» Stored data
◆ ◆ ◆ ◆ ◆ ◆ ◆
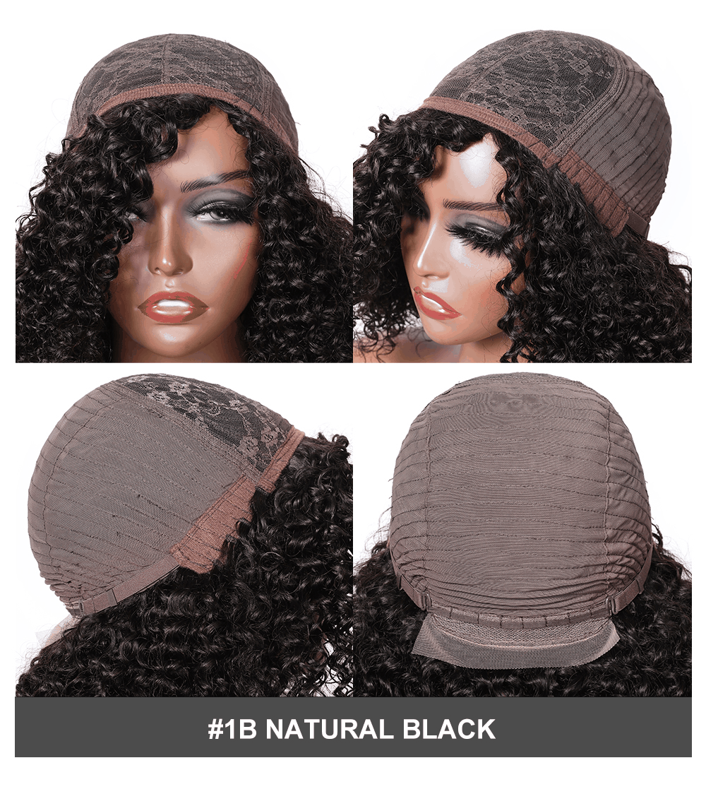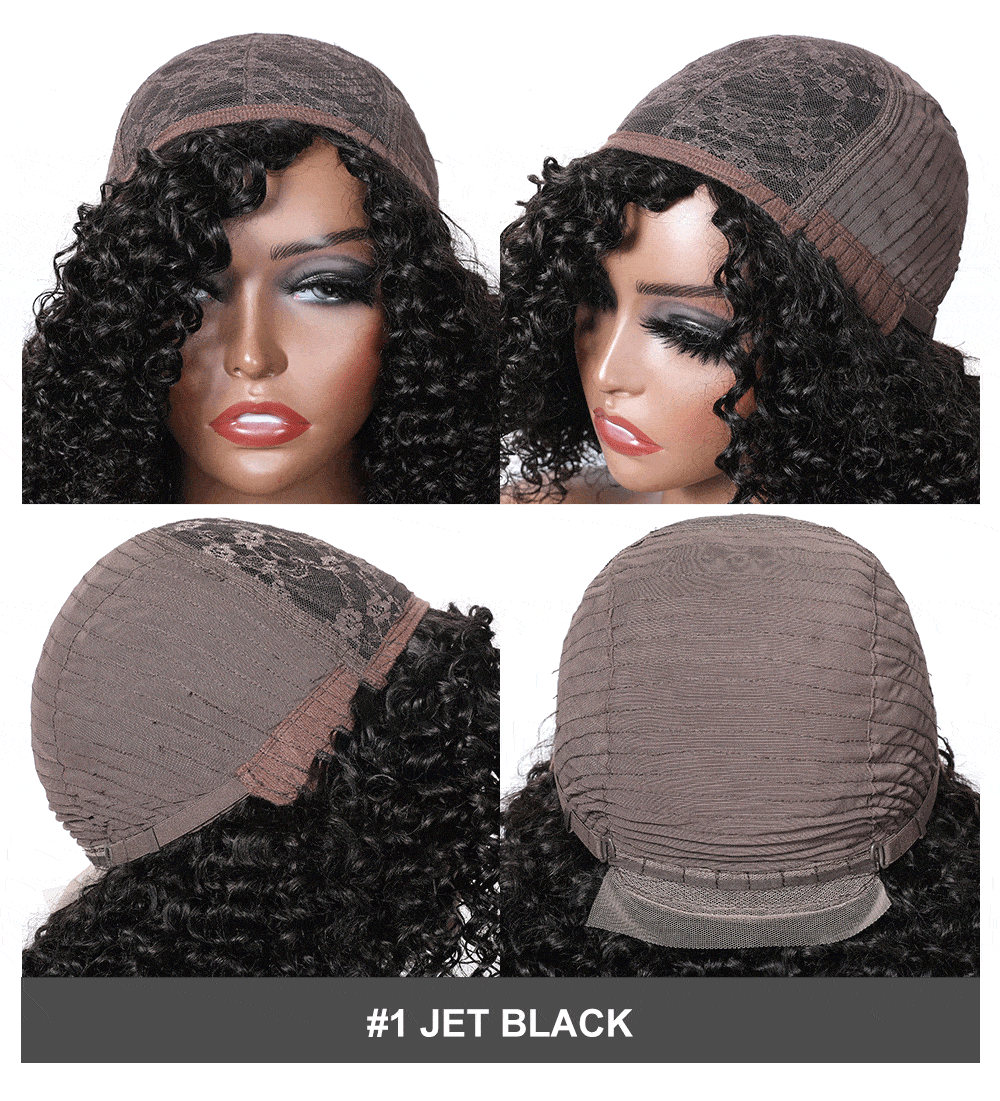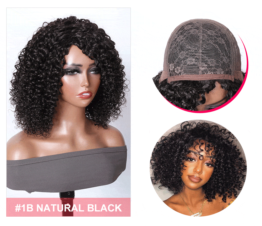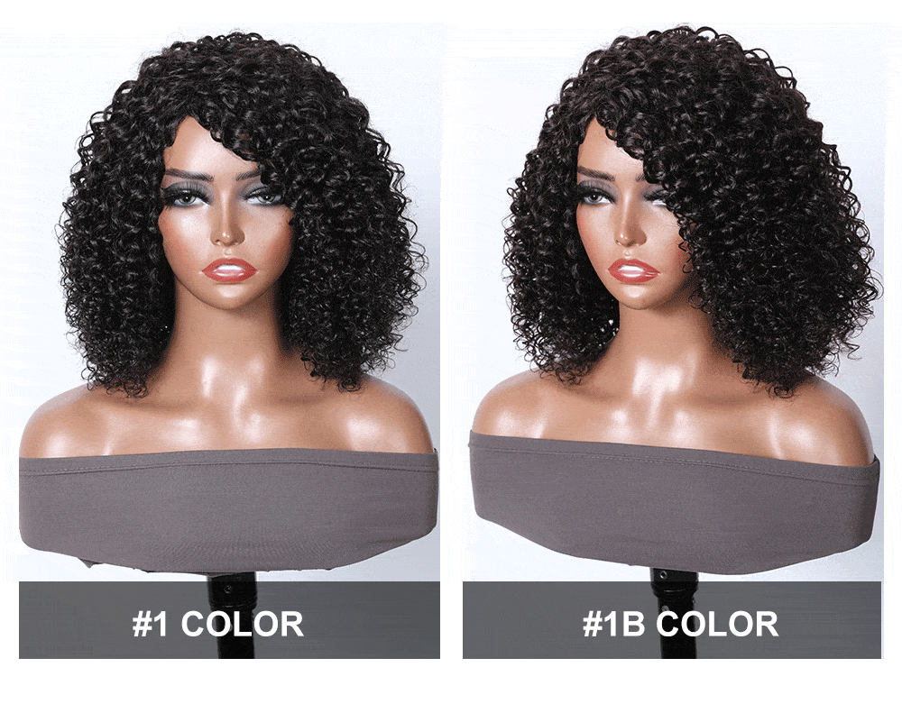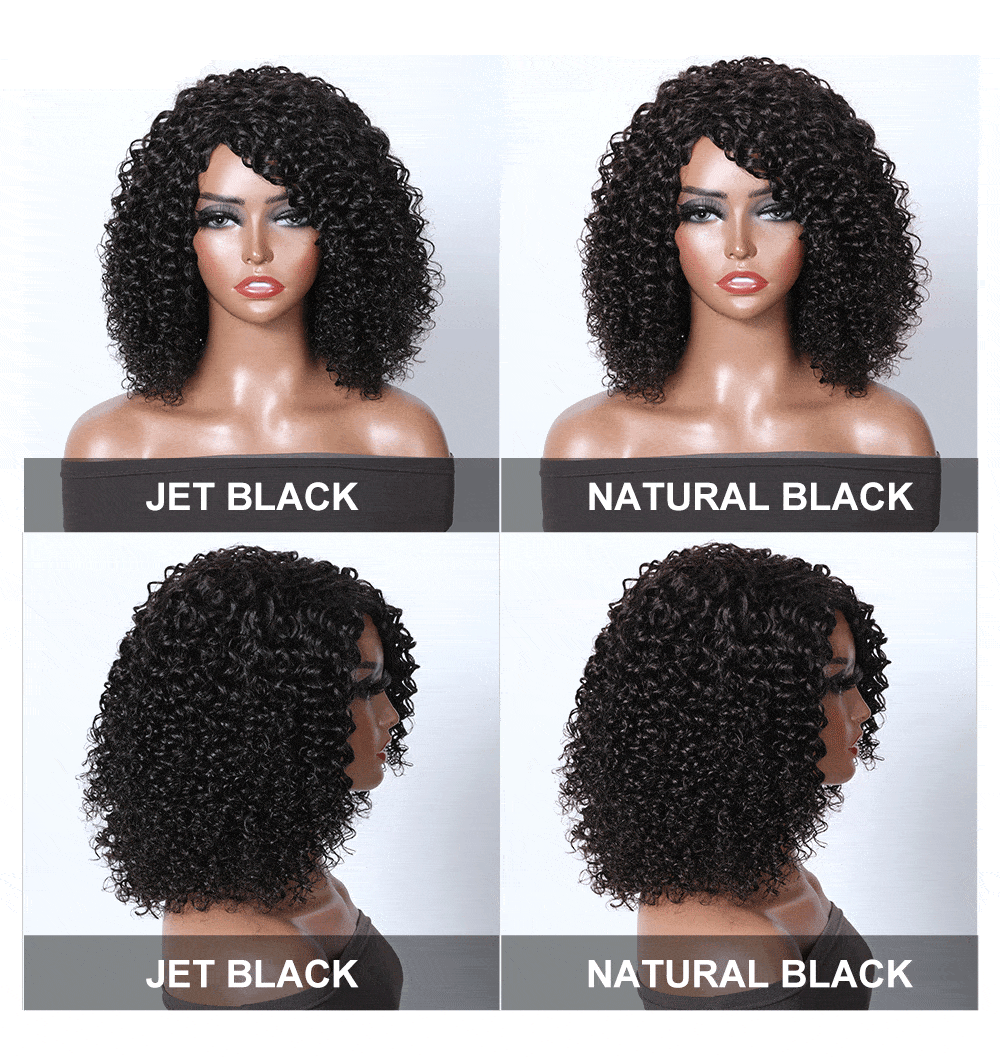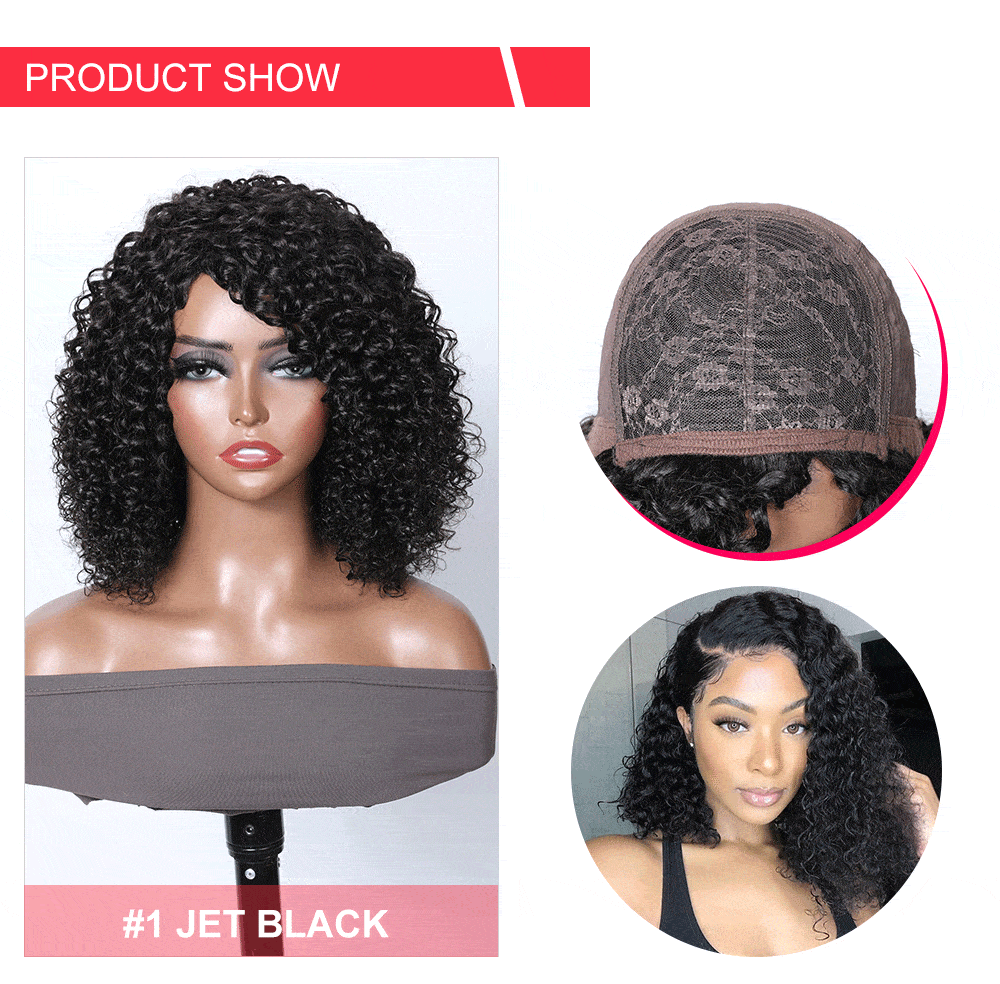Incolorwig Cheap Bouncy Curly Glueless Wigs Human Hair Bob Wigs 200% Density High Quality Human Virgin Hair Shiny Jet Black And Soft Natural Black #1B Hair
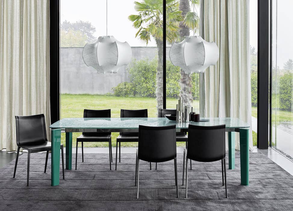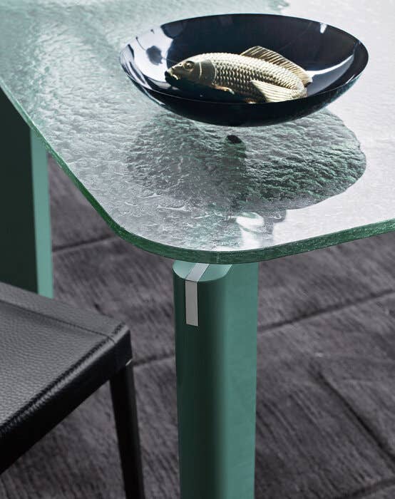 Особое внимание заслуживает версия стола со столешницей из витражного стекла. Её неровная, изысканная поверхность и светло-зелёный оттенок создают атмосферу свежести и природной гармонии. Витражное стекло пропускает мягкий, рассеянный свет, наполняя помещение теплом и уютом. Глянцевые лакированные ножки изумрудно-зелёного цвета идеально дополняют эту композицию, создавая эффектный контраст и подчёркивая природную красоту стола.
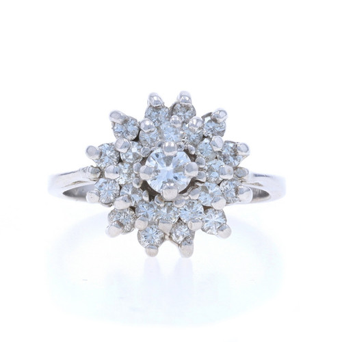 White Gold Diamond Cluster Cocktail Ring - 14k Round Brilliant .90ctw Flower
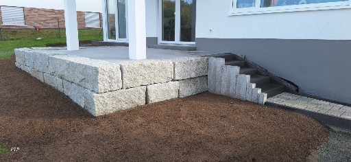 Wir erstellen für Sie Geländeabfangungen, Mauern und Treppen aus Natursteinen und Betonfertigteilen.
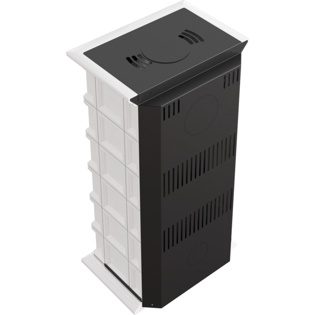 Soba din cahle de teracota cu focar de semineu integrat. Focarul este captusit la interior cu termota pentru o sticla cat mai curata. In timpul arderii are posibilitatea de admisie a aerului proaspat din exterior si poate fi racordata la cosul de fum, atat pe partea din fata cat si pe partea din spate.
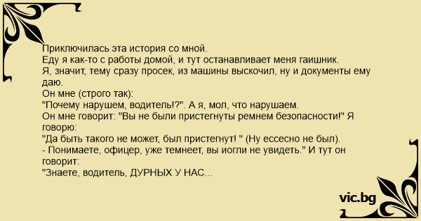 Он мне (строго так): "Почему нарушем, водитель!?". А я, мол, что нарушаем. Он мне говорит: "Вы не были пристегнуты ремнем безопасности!" Я говорю: "Да быть такого не может, был пристегнут! " (Ну ессесно не был). - Понимаете, офицер, уже темнеет, вы иогли не увидеть." И тут он говорит: "Знаете, водитель, ДУРНЫХ У НАС В МИЛИЦИЮ ИНОГДА БЕРУТ, НО СЛЕПЫХ НЕТ!!!" После этой фразы я одной рукой схватился за багажник, чтобы не упасть, другой отдал 5 гривен (около $2) схватил документы и быстренько уехал, а то умер бы на месте. P.S. Да, у этой истории есть продолжение, меня еще 4 раза останавливали в разных местах города и в других областях, в некоторых местах происходил примерно тот же разговор. Все 4 рассказали что они здоровы, двое что у них 100% зрение, но такого как в первый раз не было. Попробуте сами !
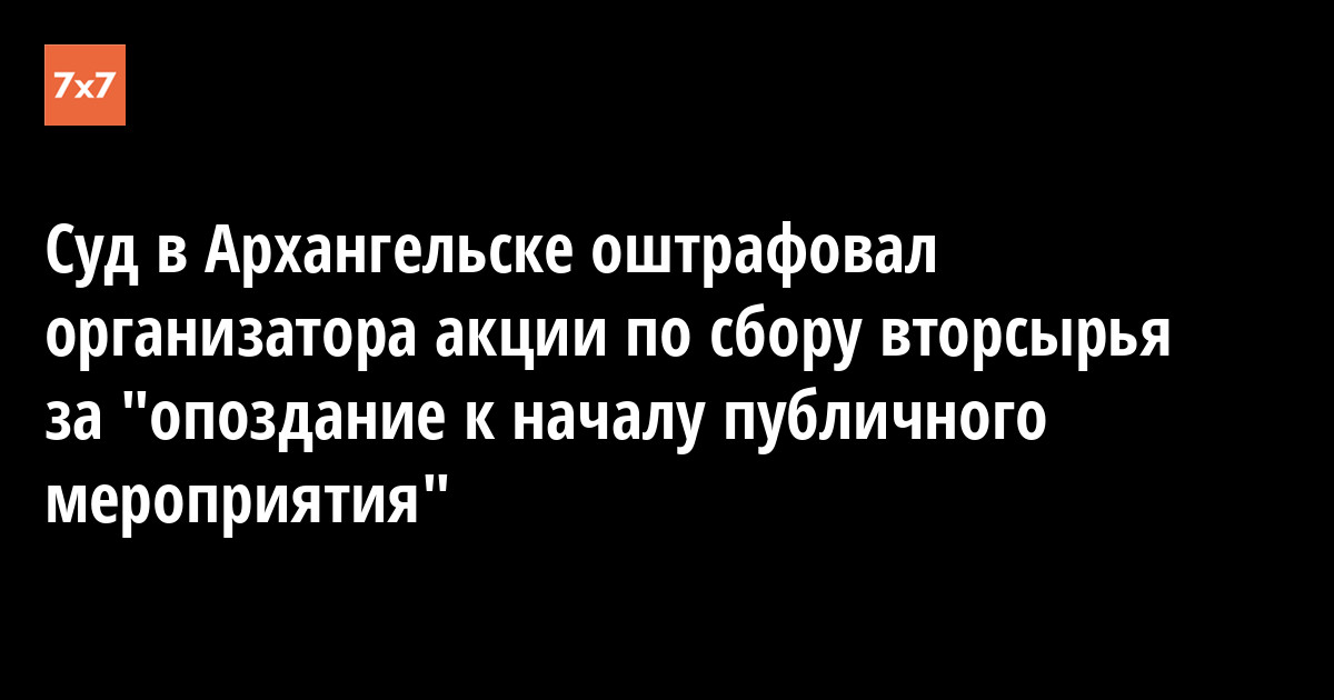 Соломбальский районный суд Архангельска оштрафовал волонтера регионального экологического движения «42» Татьяну Рыжову на 10 тыс. руб. за "опоздание" к началу организованного ею публичного мероприятия – акции по сбору вторсырья «Разделяй и Помогай». Об этом «7x7» сообщил 3 июля корреспондент, присутствовавший на судебном заседании.
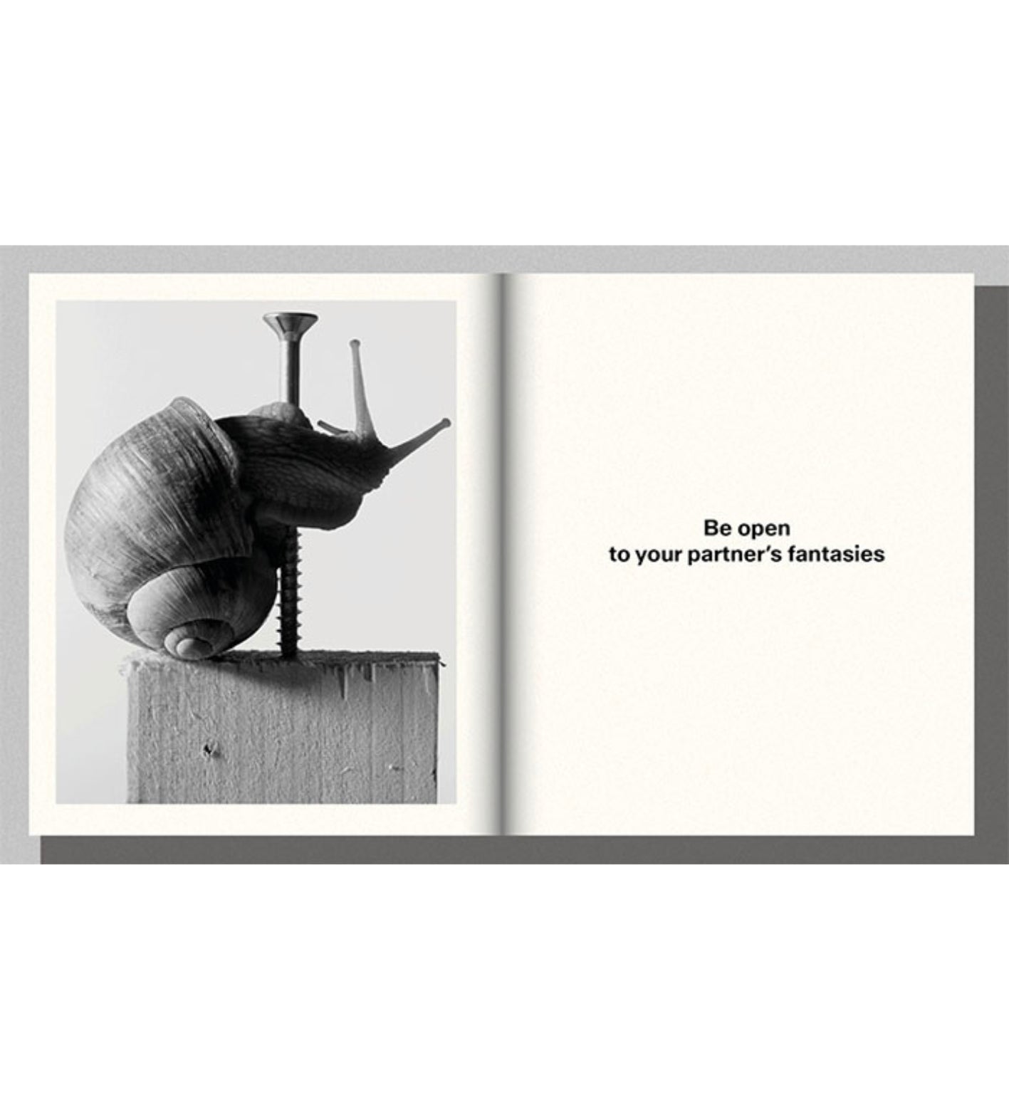 The photographs are interwoven with short annotations and reflections on life as a couple, which contribute to the narrative with a touch of irony.
◆ ◆ ◆ ◆ ◆ ◆ ◆
» HOW TO COMPLETE THIS TASK
I need the entries printed exactly, with each picture left out.

» OUTPUT
Incolorwig Cheap Bouncy Curly Glueless Wigs Human Hair Bob Wigs 200% Density High Quality Human Virgin Hair Shiny Jet Black And Soft Natural Black #1B Hair
 Особое внимание заслуживает версия стола со столешницей из витражного стекла. Её неровная, изысканная поверхность и светло-зелёный оттенок создают атмосферу свежести и природной гармонии. Витражное стекло пропускает мягкий, рассеянный свет, наполняя помещение теплом и уютом. Глянцевые лакированные ножки изумрудно-зелёного цвета идеально дополняют эту композицию, создавая эффектный контраст и подчёркивая природную красоту стола.
 White Gold Diamond Cluster Cocktail Ring - 14k Round Brilliant .90ctw Flower
 Wir erstellen für Sie Geländeabfangungen, Mauern und Treppen aus Natursteinen und Betonfertigteilen.
 Soba din cahle de teracota cu focar de semineu integrat. Focarul este captusit la interior cu termota pentru o sticla cat mai curata. In timpul arderii are posibilitatea de admisie a aerului proaspat din exterior si poate fi racordata la cosul de fum, atat pe partea din fata cat si pe partea din spate.
 Он мне (строго так): "Почему нарушем, водитель!?". А я, мол, что нарушаем. Он мне говорит: "Вы не были пристегнуты ремнем безопасности!" Я говорю: "Да быть такого не может, был пристегнут! " (Ну ессесно не был). - Понимаете, офицер, уже темнеет, вы иогли не увидеть." И тут он говорит: "Знаете, водитель, ДУРНЫХ У НАС В МИЛИЦИЮ ИНОГДА БЕРУТ, НО СЛЕПЫХ НЕТ!!!" После этой фразы я одной рукой схватился за багажник, чтобы не упасть, другой отдал 5 гривен (около $2) схватил документы и быстренько уехал, а то умер бы на месте. P.S. Да, у этой истории есть продолжение, меня еще 4 раза останавливали в разных местах города и в других областях, в некоторых местах происходил примерно тот же разговор. Все 4 рассказали что они здоровы, двое что у них 100% зрение, но такого как в первый раз не было. Попробуте сами !
 Соломбальский районный суд Архангельска оштрафовал волонтера регионального экологического движения «42» Татьяну Рыжову на 10 тыс. руб. за "опоздание" к началу организованного ею публичного мероприятия – акции по сбору вторсырья «Разделяй и Помогай». Об этом «7x7» сообщил 3 июля корреспондент, присутствовавший на судебном заседании.
 The photographs are interwoven with short annotations and reflections on life as a couple, which contribute to the narrative with a touch of irony.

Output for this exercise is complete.